▶ **Required work**
When you retype the entries, keep each one exact and leave out the pictures.

[Data extracted from a collection]
++++++
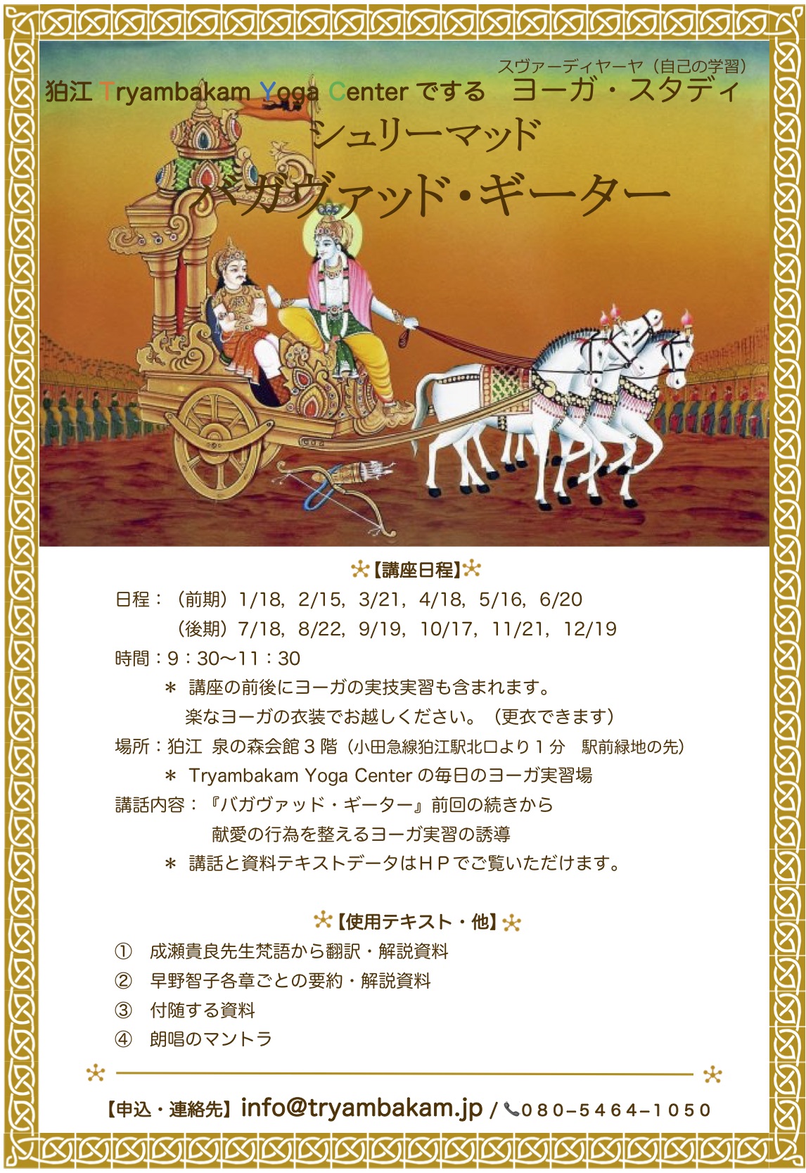 【申込・連絡先】info@tryambakam.jp / 📞080−5464−1050
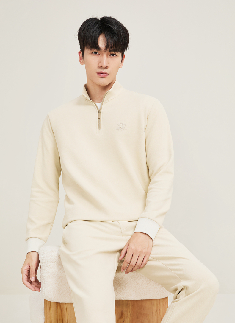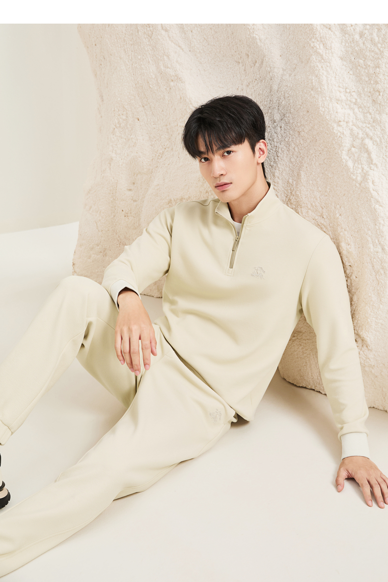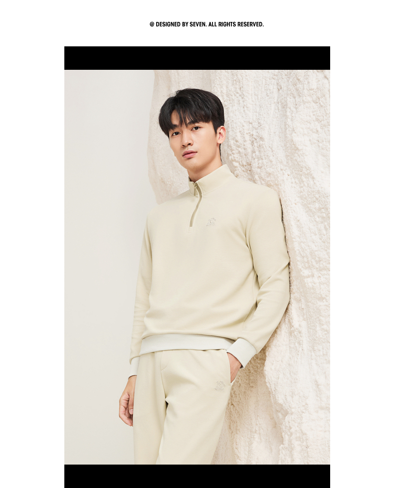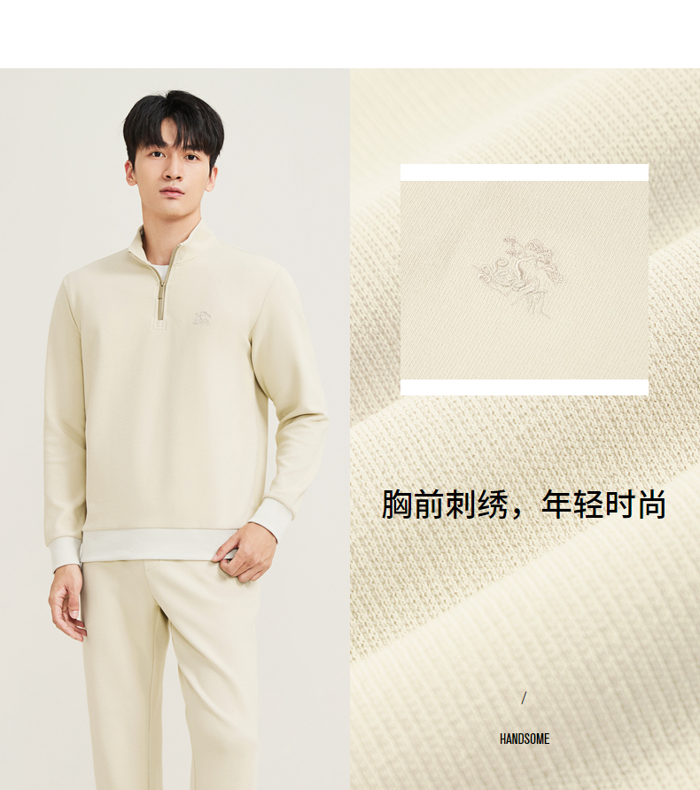 【国风/运动/休闲】柒牌男装立领半开衫卫衣字母图案弹力套头衫男129W70270
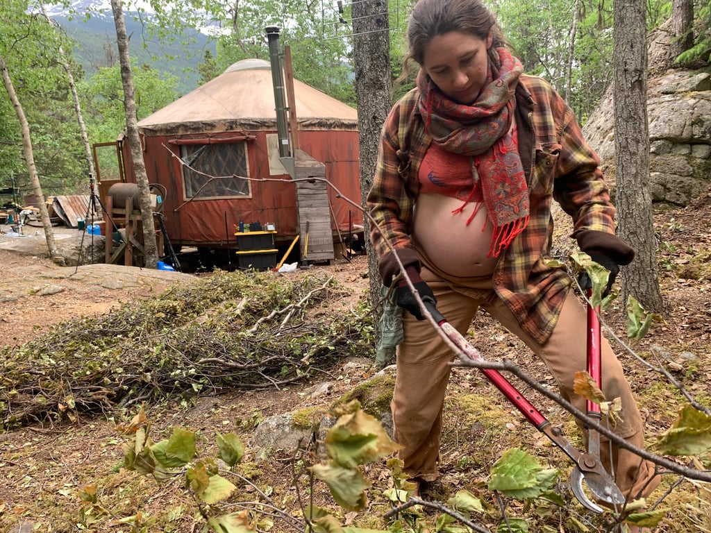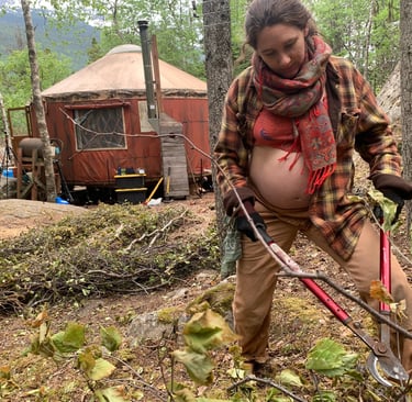 Our beautiful “Fairy House” lies behind me in this photo. A one room yurt, with no running water and the most incredible view of the mountains in Southeast Alaska. Shortly after we had settled back into the Fairy House and decided to make it our home, we knew we wanted to grow our own food and began the process. I wanted to make it a hugelkutur garden, using all of our felled tree branches, and Felipe carried up every bag of soil, every garbage bin of compost, manure, mulch and sea weed. I struggled, watching him doing so much of the labor. My pregnancy has luckily been a very physically uneventful experience so far, besides the exhaustion. Yet, I was not ready to struggle so much against my independent streak, and ego to prove that I have “to do it all.” I’ve had to learn about my own limits, and after some tears I’ve been doing my best to practice gratitude and appreciation-rather than succumb to my frustrations. And honor that I too am carrying ‘a huge load’ though it may look different.
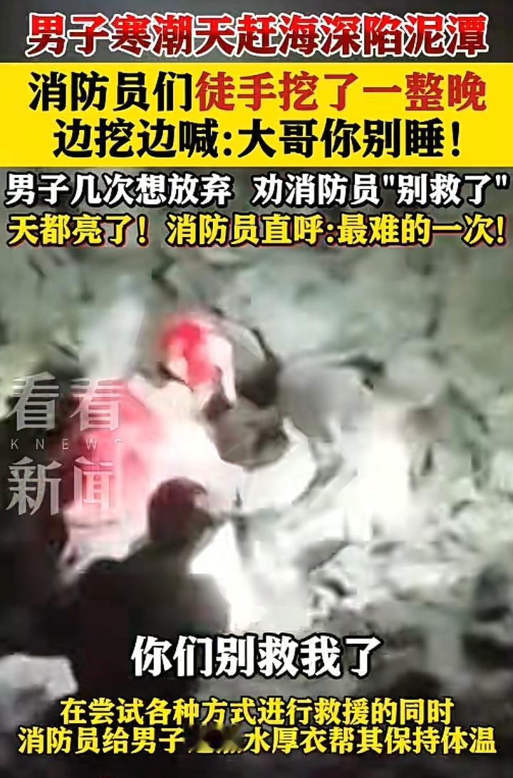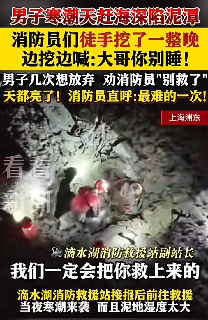 大哥说:你们别救我了,你们走吧!天气太冷了,我不想连累你们,可消防员说:大哥你别睡,我们一定会救你出去的。 上海浦东一名男子去赶海不慎陷入泥潭,瞬间淹没到膝盖处他预感到此次自己凶多吉少,并没有做太多挣扎,因为他感觉到双腿被一股力量深深的吸住无法动弹,此刻天已经伸手不见五指,方圆一公里除了海风已经听不到其它声音了,他颤抖着双手掏出手机,拨打了119救援电话,挂断电话后淤泥已经到大腿中部了,此刻他已经做好了最坏的打算。 消防员赶到的时候淤泥已经到达他的胸口处,丢给他一条救援绳他已经没有力气去握紧,无论怎样都拉不上来,消防员副队长说:下去拖人,一名消防员立刻回答:我去。 下去后凭一个人的力量怎么也拉不上来,消防员也慢慢的陷入泥潭,所幸的是到膝盖的地方就不在下陷,可大哥那里却陷的异常深,消防员说:只能用手一点点把淤泥挖开,只见他非常艰难的开始行动,一米多深啊用手挖,大哥此时已经有点眩晕,消防员不停的鼓励他:大哥别睡坚持一会,一边用热水厚衣服给大哥取暖,一边徒手挖淤泥,大哥看到消防员那无畏的举动,心疼的对他们说:别挖了你们走吧!天气太冷了。 消防员眼神坚定的对他说:大哥你要坚持住,我们一定会带你出去的,我们一定会带你出去的。 到了早上5.55分,经过一个晚上的努力,终于将男子救了上了,此时的消防员已经精疲力尽,7.10男子被送往医院检查无大碍,在当天晚上就平安回家了。 救援站副站长回忆:这次是救援时间最长,难度最大的一次,男子几次要求让我们放弃救援,可我想对他说,在任何情况下我们都不会放弃救援。
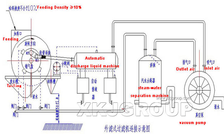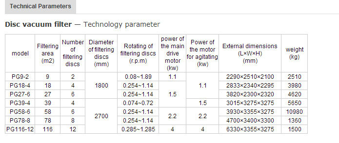 When working, the filter disc circles in the slurry tank. With the help of pressure difference generated by vacuum pump, the particle is absorbed on the cloth of the disc and forming a filter cake with a certain thickness. Filtrate will discharge from the central shaft through the filter cake and cloth, and the filter cake will fall down under the pressure of the scraper and blower, and then drop into the discharging filter cake tank.
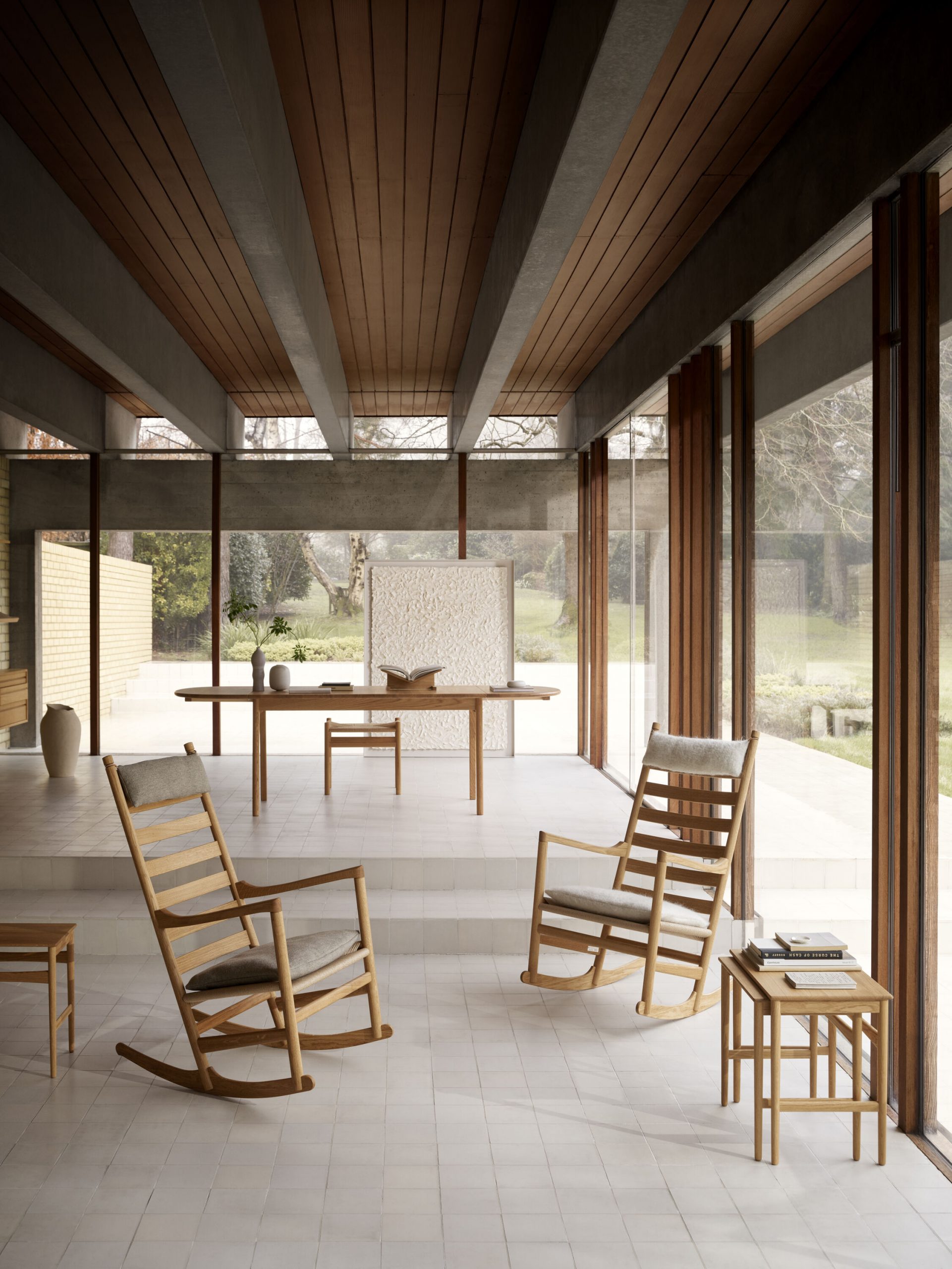 CH45 Gyngestolen blev skabt for Carl Hansen & Søn i 1965 som en del af en omfattende møbelserie, der har alle de egenskaber, som er så typiske for Wegners design. Stolen er et smukt eksempel på moderne nordisk designæstetik, hvor enkelhed og elegance går op i en højere enhed. Fås med hynde samt nakkepude og i forskellige træsorter og behandlinger.
++++++
▶ **Solution**
 【申込・連絡先】info@tryambakam.jp / 📞080−5464−1050
 【国风/运动/休闲】柒牌男装立领半开衫卫衣字母图案弹力套头衫男129W70270
 Our beautiful “Fairy House” lies behind me in this photo. A one room yurt, with no running water and the most incredible view of the mountains in Southeast Alaska. Shortly after we had settled back into the Fairy House and decided to make it our home, we knew we wanted to grow our own food and began the process. I wanted to make it a hugelkutur garden, using all of our felled tree branches, and Felipe carried up every bag of soil, every garbage bin of compost, manure, mulch and sea weed. I struggled, watching him doing so much of the labor. My pregnancy has luckily been a very physically uneventful experience so far, besides the exhaustion. Yet, I was not ready to struggle so much against my independent streak, and ego to prove that I have “to do it all.” I’ve had to learn about my own limits, and after some tears I’ve been doing my best to practice gratitude and appreciation-rather than succumb to my frustrations. And honor that I too am carrying ‘a huge load’ though it may look different.
 大哥说:你们别救我了,你们走吧!天气太冷了,我不想连累你们,可消防员说:大哥你别睡,我们一定会救你出去的。 上海浦东一名男子去赶海不慎陷入泥潭,瞬间淹没到膝盖处他预感到此次自己凶多吉少,并没有做太多挣扎,因为他感觉到双腿被一股力量深深的吸住无法动弹,此刻天已经伸手不见五指,方圆一公里除了海风已经听不到其它声音了,他颤抖着双手掏出手机,拨打了119救援电话,挂断电话后淤泥已经到大腿中部了,此刻他已经做好了最坏的打算。 消防员赶到的时候淤泥已经到达他的胸口处,丢给他一条救援绳他已经没有力气去握紧,无论怎样都拉不上来,消防员副队长说:下去拖人,一名消防员立刻回答:我去。 下去后凭一个人的力量怎么也拉不上来,消防员也慢慢的陷入泥潭,所幸的是到膝盖的地方就不在下陷,可大哥那里却陷的异常深,消防员说:只能用手一点点把淤泥挖开,只见他非常艰难的开始行动,一米多深啊用手挖,大哥此时已经有点眩晕,消防员不停的鼓励他:大哥别睡坚持一会,一边用热水厚衣服给大哥取暖,一边徒手挖淤泥,大哥看到消防员那无畏的举动,心疼的对他们说:别挖了你们走吧!天气太冷了。 消防员眼神坚定的对他说:大哥你要坚持住,我们一定会带你出去的,我们一定会带你出去的。 到了早上5.55分,经过一个晚上的努力,终于将男子救了上了,此时的消防员已经精疲力尽,7.10男子被送往医院检查无大碍,在当天晚上就平安回家了。 救援站副站长回忆:这次是救援时间最长,难度最大的一次,男子几次要求让我们放弃救援,可我想对他说,在任何情况下我们都不会放弃救援。
 When working, the filter disc circles in the slurry tank. With the help of pressure difference generated by vacuum pump, the particle is absorbed on the cloth of the disc and forming a filter cake with a certain thickness. Filtrate will discharge from the central shaft through the filter cake and cloth, and the filter cake will fall down under the pressure of the scraper and blower, and then drop into the discharging filter cake tank.
 CH45 Gyngestolen blev skabt for Carl Hansen & Søn i 1965 som en del af en omfattende møbelserie, der har alle de egenskaber, som er så typiske for Wegners design. Stolen er et smukt eksempel på moderne nordisk designæstetik, hvor enkelhed og elegance går op i en højere enhed. Fås med hynde samt nakkepude og i forskellige træsorter og behandlinger.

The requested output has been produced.